Scoring every item the same. If most items end up with similar priority scores, the scoring rubric is not discriminating enough. Good prioritization should produce a clear top 10% that the team agrees should be addressed next. If everything is high priority, nothing is.

Separating debt work from feature work. Teams that maintain debt backlogs but plan them in a separate process from feature work find that debt items never get done because they are never competing in the same sprint planning session. Debt items should be in the same backlog as features, selected by the same prioritization process.

Missing the security category. Many organizations build debt inventories focused on architectural or test debt and undercount security debt. Outdated dependencies with known CVEs are tech debt with an immediate risk profile. They should be tracked, scored, and addressed on the same cadence as other debt.

No single owner for the inventory. A debt inventory with no named owner becomes everyone's responsibility and no one's priority. Assign a single owner - typically the lead engineer or tech lead - who is accountable for the inventory being current and for debt items being addressed.

Mistakes teams actually make at this stage - and how to avoid them

How Different Roles See It

BobHead of Engineering

Bob has established that debt is a real cost and has the team's buy-in on addressing it. The problem now is that without a structured inventory, every sprint planning session involves a different set of developers advocating for different debt items based on their personal frustration. There is no shared view of what should be addressed next, and the selection process feels arbitrary.

The debt inventory solves this problem by making prioritization a structured process rather than a political one. Bob should run the initial inventory sprint himself or with his tech leads, establish the scoring rubric, and then present the top 10 items to the full team. The conversation shifts from "I think we should fix the authentication module" to "the authentication module is P1 security debt with a score of 9; the reporting module is P2 architectural debt with a score of 6; based on our capacity, we can address the authentication module this quarter." This is a more productive conversation, and it produces more defensible commitments to stakeholders.

SarahProductivity Lead

Sarah has been measuring velocity by area of the codebase and has the data that shows where debt is costing developer time. What she has been missing is the bridge between her productivity data and the engineering team's debt work - the debt inventory is that bridge. If the debt inventory includes the code areas that map to Sarah's slow-velocity zones, she can validate that the priority order makes sense (high-impact debt areas should be prioritized) and measure the productivity improvement when those items are addressed.

Sarah should request access to the debt inventory and add a column for "estimated velocity impact" - her data contribution to the scoring rubric. This makes the inventory more accurate and gives Sarah a direct line of sight from debt remediation work to productivity outcomes.
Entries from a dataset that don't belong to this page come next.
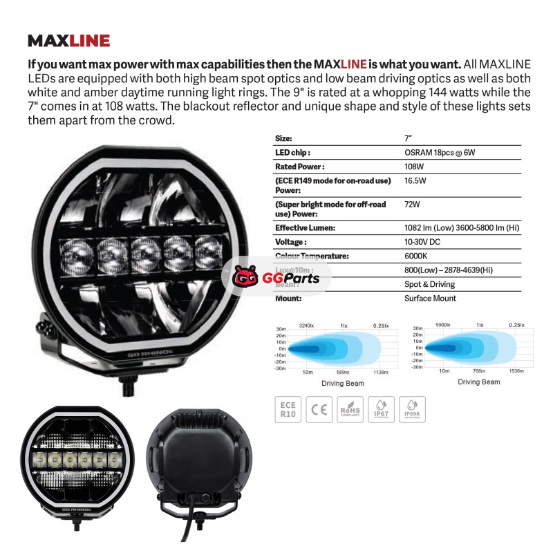 Go Rhino Xplor Blackout Series Maxline LED Hi/Low Beam w/Multi DRL (Surface Mount) 7in. - Blk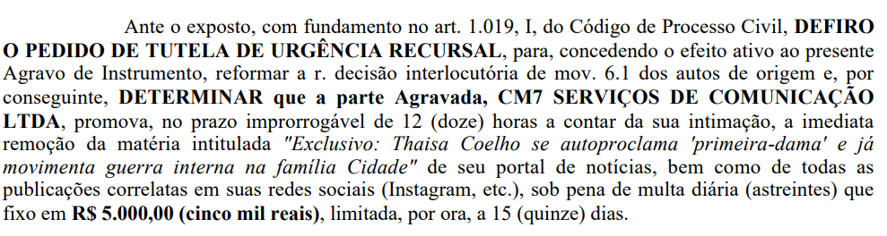 Já na segunda decisão (0010633-74.2025.8.04.9001), a desembargadora determinou a retirada de outra publicação intitulada “Exclusivo: Thaisa Coelho se autoproclama ‘primeira-dama’ e já movimenta guerra interna na família Cidade“, com alegações que a agravante “comprou mídia” e “inventou cargo”.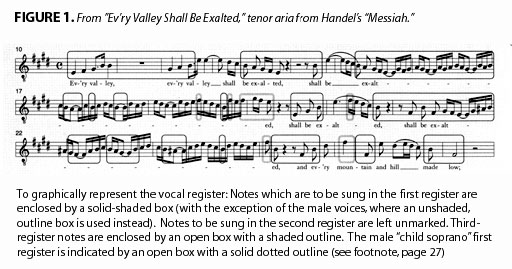 measures 14-19, supplied from the Messiah aria for tenor, Evry Valley Shall Be Exalted. We see the singer pass from his first registerthe lower part of his voicethrough his second or middle register to the third, his high register, on a single syllable of the verb exalted [measures 15-19]. We see the verb, shall be exalted, stated in four different ways in this text. In its first statement [measure 13], the singer moves from the second to the first register on shall be. In the next measure, he moves in the opposite direction, from his first register to his second, at precisely the same location. He is instructed by the composer to vary his declamation of shall be accordingly. For example, shall be, then shall be. A third variation occurs to each of these in measure 19, where shall be appears in a single vocal register, and is not broken between the first and second. This might be declaimed shall be. So we have the grouping shall be, shall be, and shall be. If we compare the singers declamation of the word exalted in measure 13 to that in measures 15-19, we discover that not only is exalted longer in the second instance, but that it is, as stated above, sung over three registers, instead of only one, as in measure 13. 'Exalted is sung differently a third time, over three vocal registers, but in one-and-a-half measures, instead of five [measures 19-20]. If we now list a grouping of the various declamations of shall be exalted, we have: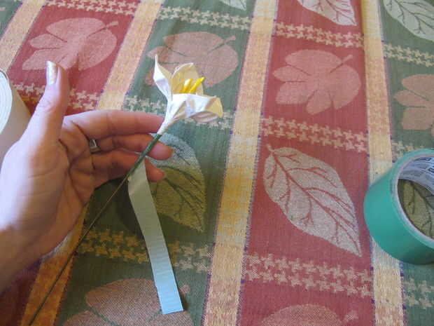 Ahora que se hacen todos sus pétalos, desea hacer su tallo verde envolviendo en tiras delgadas de cinta verde.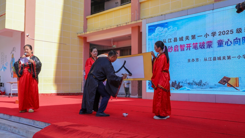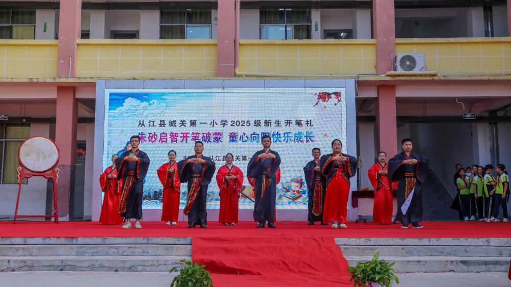 2025年9月18日上午,從江縣城關(guān)第一小學為一年級新生舉辦了一場莊重典雅、意蘊深厚的“開筆禮”儀式。學校領導班子成員、一年級全體師生及家長共400余人齊聚校園,共同見證了這一傳統(tǒng)與現(xiàn)代教育相融合的成長時刻。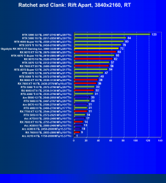 Рейтинг составлен по 10 тестам, в которых используется технология трассировки лучей и одновременно технология Nvidia DLSS, AMD FSR или Intel XeSS. Этот рейтинг нормирован по самому слабому ускорителю в данной группе — Arc A310 (то есть сочетание скорости и функций Arc A310 приняты за 100%).
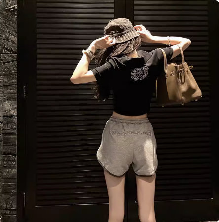 | nameOriginal | Loose high-waisted casual shorts with thin printed silver thread embroidery |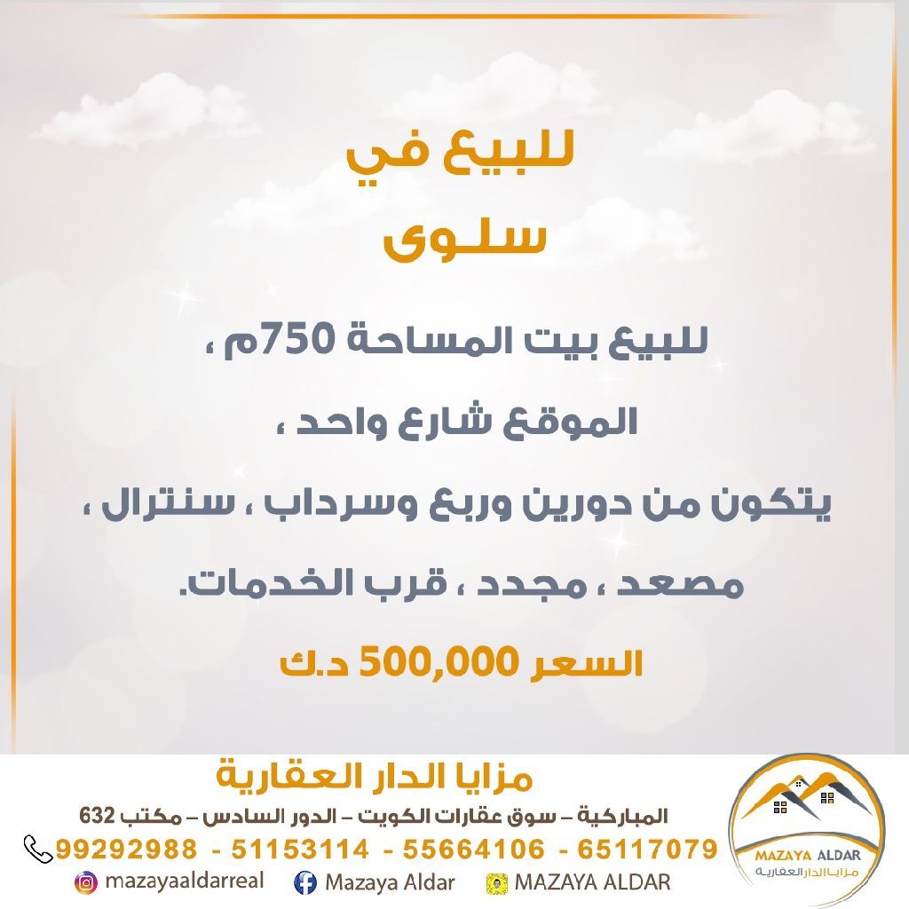 For sale: A house in the Salwa area with an area of 750 square meters. The location is on a single street. It consists of two floors, a quarter floor, and a basement. It has central air conditioning, an elevator, is renovated, and is near services. For serious buyers only, and brokers are prohibited. The price is 500,000 dinars. For inquiries, contact via mobile.

When the authentication module debt is addressed and PR cycle time in that area drops by 30%, that is a measurable outcome that Sarah can report and that justifies the debt reduction investment.
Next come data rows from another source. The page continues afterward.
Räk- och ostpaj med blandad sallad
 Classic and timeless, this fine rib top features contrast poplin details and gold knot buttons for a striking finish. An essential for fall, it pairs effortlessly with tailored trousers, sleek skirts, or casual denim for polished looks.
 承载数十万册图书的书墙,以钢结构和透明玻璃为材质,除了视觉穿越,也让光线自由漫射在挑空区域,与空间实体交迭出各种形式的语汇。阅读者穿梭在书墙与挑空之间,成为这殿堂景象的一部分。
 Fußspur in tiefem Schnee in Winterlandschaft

VictorStaff Engineer - AI Champion

Victor has been the informal mental debt registry for years. He knows every item that should be on the list. The transition to a formal inventory is partly about moving his knowledge into a shared artifact and partly about adding rigor to the prioritization that has previously been his judgment call.
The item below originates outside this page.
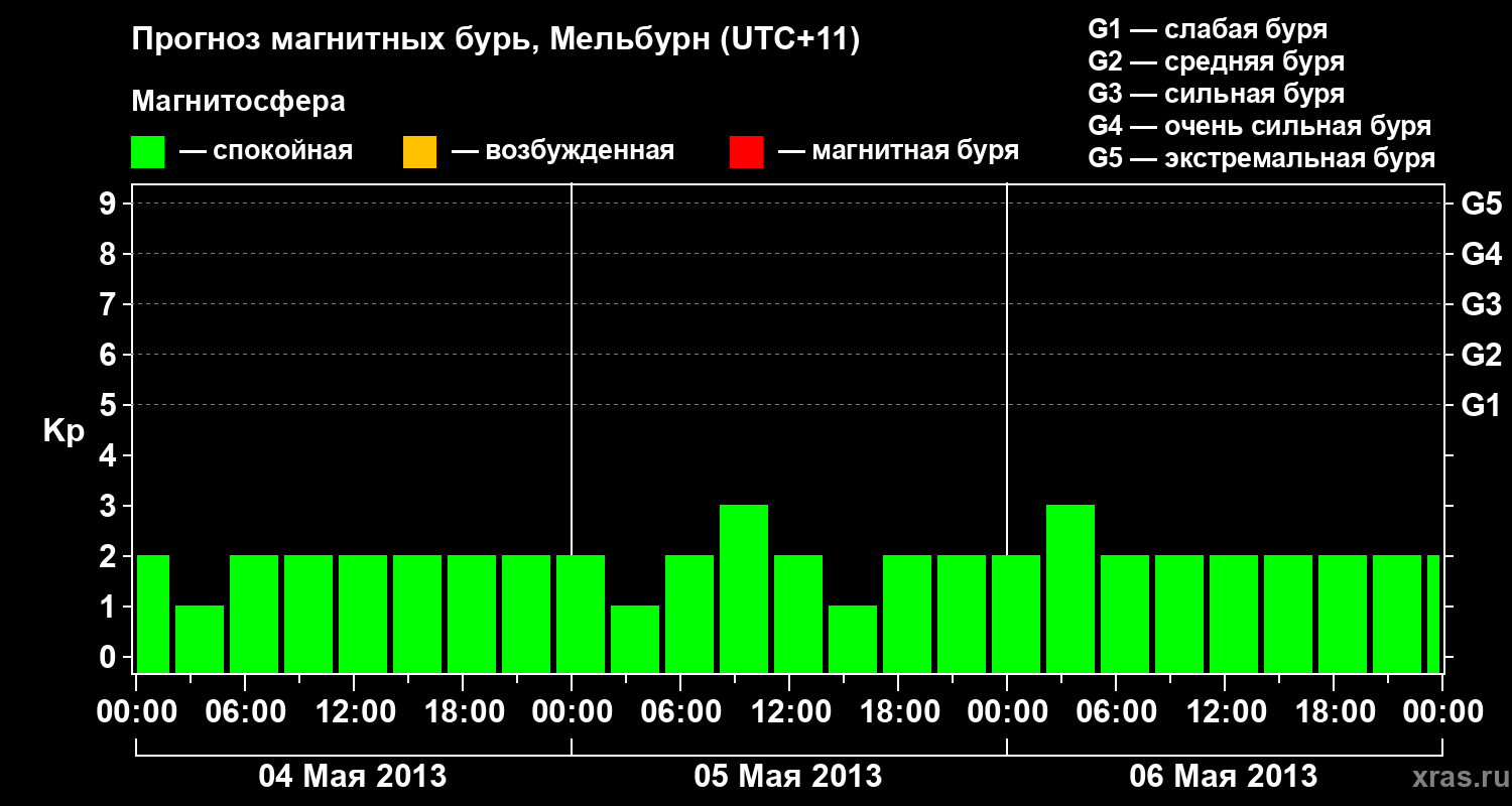 Прогноз магнитных бурь в Мельбурне — 4 мая 2013 года

Victor should lead the initial inventory sprint and be the named owner of the inventory going forward. He should also use AI tools at this stage to accelerate categorization: given a codebase, an agent can scan for common debt indicators - outdated dependencies, missing test coverage, deprecated API usage, high cyclomatic complexity - and produce a candidate debt list that Victor reviews and refines. This is not full AI-assisted remediation; it is AI-assisted discovery, which is appropriate and effective at L2. The categorized inventory Victor produces is also the input that L3 AI remediation agents will need - building a clean inventory now is an investment in higher maturity levels.